From: Michael Paquier <michael(dot)paquier(at)gmail(dot)com>
To: Peter Eisentraut <peter_e(at)gmx(dot)net>
Cc: pgsql-hackers <pgsql-hackers(at)postgresql(dot)org>, Tom Lane <tgl(at)sss(dot)pgh(dot)pa(dot)us>, Fujii Masao <masao(dot)fujii(at)gmail(dot)com>, Simon Riggs <simon(at)2ndquadrant(dot)com>, Andres Freund <andres(at)anarazel(dot)de>
Subject: Re: pg_ctl promote wait
Date: 2016-03-09 20:08:24
Message-ID: CAB7nPqTS5J3-G_zTow0Kc5oqZn877RDDN1Mfcqm2PscAS7FnAw@mail.gmail.com
Views: Raw Message | Whole Thread | Download mbox | Resend email
Thread:
Lists: pgsql-hackers

On Mon, Feb 29, 2016 at 4:29 PM, Michael Paquier
<michael(dot)paquier(at)gmail(dot)com> wrote:
> On Mon, Feb 29, 2016 at 4:28 PM, Michael Paquier
> <michael(dot)paquier(at)gmail(dot)com> wrote:
>> I would suggest using
>> $node_standby->poll_query_until('SELECT pg_is_in_recovery()') to
>> validate the end of the test.
>
> Meh. SELECT NOT pg_is_in_recovery(). This will wait until the query
> returns true.

Here are some comments about 0002

+ if ((fd = open(control_file_path, O_RDONLY | PG_BINARY, 0)) == -1)
+ {
+ fprintf(stderr, _("%s: could not open file \"%s\" for
reading: %s\n"),
+ progname, control_file_path, strerror(errno));
+ exit(1);
+ }
[...]
Most of the logic of get_control_dbstate() is a mimic of the
recently-introduced get_controlfile() in controldata_utils.c of
dc7d70e. I think that we had better use that, and that we had better
emit an error should an incorrect control file be found while running
those pg_ctl commands as the control file present had better have a
correct CRC all the time or something wrong is going on. So this would
lead to this logic for get_control_dbstate():
control_file_data = get_controlfile(pg_data, progname);
res = control_file_data->state;
pfree(control_file_data);

Except that, 0002 is a good thing to have, switching from the presence
of recovery.conf to what is in the control data file is definitely
more robust, a lot of things happen from when recovery.conf is renamed
to recovery.done until WAL is enabled for backends, particularly the
end of recovery checkpoint and the cleanup of the WAL segments of the
previous timeline.

And now for 0003...

+$node_standby->command_like(['psql', '-X', '-A', '-t', '-c', 'SELECT
pg_is_in_recovery()'],
+ qr/^t$/,
+ 'standby is in recovery');
[...]
+$node_standby->command_like(['psql', '-X', '-A', '-t', '-c', 'SELECT
pg_is_in_recovery()'],
+ qr/^f$/,
+ 'promoted standby is not in recovery');
for those two you can use $node_standby->psql_safe to get back a query result.

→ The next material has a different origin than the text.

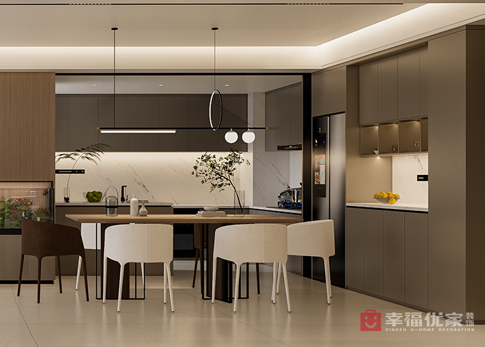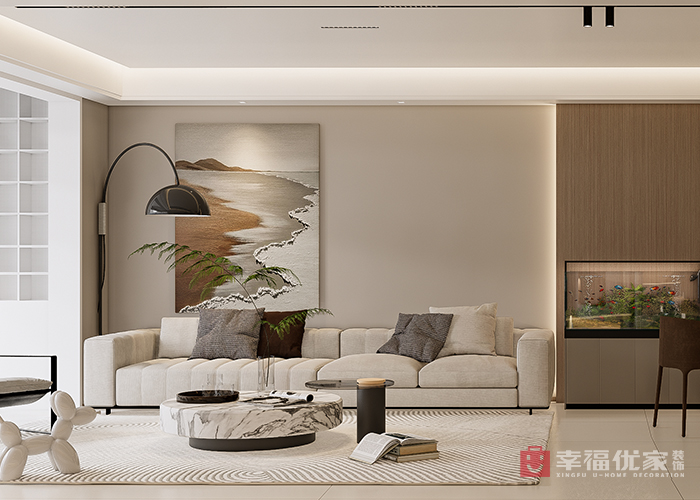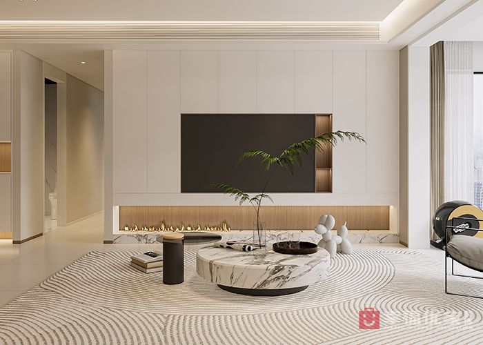 客户以暖色地砖,无主灯暖色光源,卧室使用榆木色地板,灵动的调色使房间更有张力,更加烘托家的温馨感。

> The subsequent discussion mentioned that there might still be a window
> between end of waiting and when read-write queries would be accepted. I
> don't know how big that window would be in practice and would be
> interested in some testing and feedback.

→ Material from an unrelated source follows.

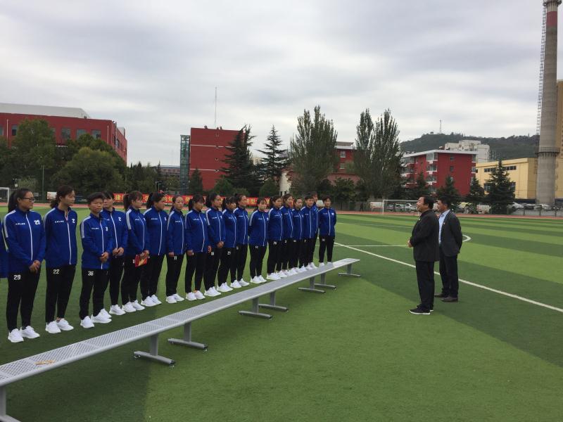 10月11日,副董事长、校体委主任安建平为即将参加中华人民共和国第十四届员工运动会足球项目预赛的公司女子足球队作出征动员讲话。

And so... Based on the previous discussion, there is an interval of
time between the moment the update of the control file is done and the
point where backends are allowed to emit WAL. I am really worrying
about this interval of time actually, as once pg_ctl exits client
applications should be guaranteed to connect to the server but the
current patch would not be failure-proof, and I imagine that
particularly on CPU-constrained environments this is going to become
unstable. Particularly I expect that slow machines are likely going to
fail in the last test of 003_promote.pl as designed (I am away from
home now so I have not been able to test that unfortunately on my own
stuff but that's possible) because pg_is_in_recovery is controlled by
SharedRecoveryInProgress, so it may be possible that
pg_is_in_recovery() returns false while the control file status is
DB_IN_PRODUCTION. The main factor that can contribute to a larger
window is a higher number of 2PC transactions that need to be loaded
back to shared memory after scanning pg_twophase.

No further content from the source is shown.